Given material ▸
_____

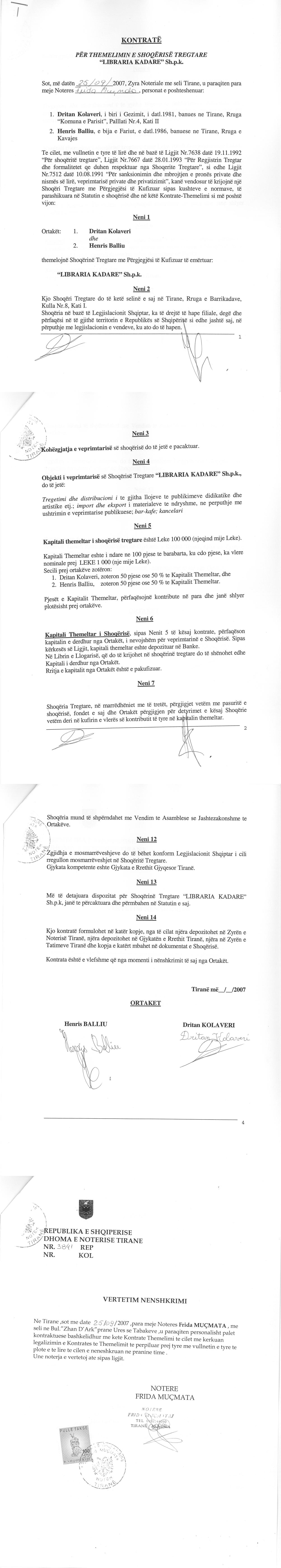 → Ektrakti Historik i Regjistrit Tregtar date 14.07.2022 → Akt themelimi i Shoqerise |
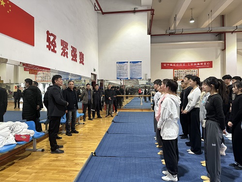 3月1日上午,省民族宗教委民族一处副处长张运涛,省体育局群体处干部郝栋,省民族宗教委民族一处三级主任科员杨宝石及新乡市民宗局党组成员、副局长魏尚平、新乡市体育局副局长张德君等一行9人,在体育学院院长岳贤锋、副院长孟国正及各训练队教练的陪同下,对我校第九届全省民族运动会筹备工作进行督导检查。
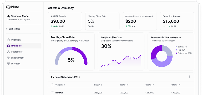 Bluto.ai is the intelligent financial modeling platform built specifically for SaaS founders. We transform weeks of spreadsheet work into minutes of guided setup, enabling entrepreneurs to create investor-ready financial projections without financial expertise.

_____

Beginning at the line containing "3月1日上午,省民族宗教委民", restate every line through the end of the material above exactly; omit the pictures.

 3月1日上午,省民族宗教委民族一处副处长张运涛,省体育局群体处干部郝栋,省民族宗教委民族一处三级主任科员杨宝石及新乡市民宗局党组成员、副局长魏尚平、新乡市体育局副局长张德君等一行9人,在体育学院院长岳贤锋、副院长孟国正及各训练队教练的陪同下,对我校第九届全省民族运动会筹备工作进行督导检查。
 Bluto.ai is the intelligent financial modeling platform built specifically for SaaS founders. We transform weeks of spreadsheet work into minutes of guided setup, enabling entrepreneurs to create investor-ready financial projections without financial expertise.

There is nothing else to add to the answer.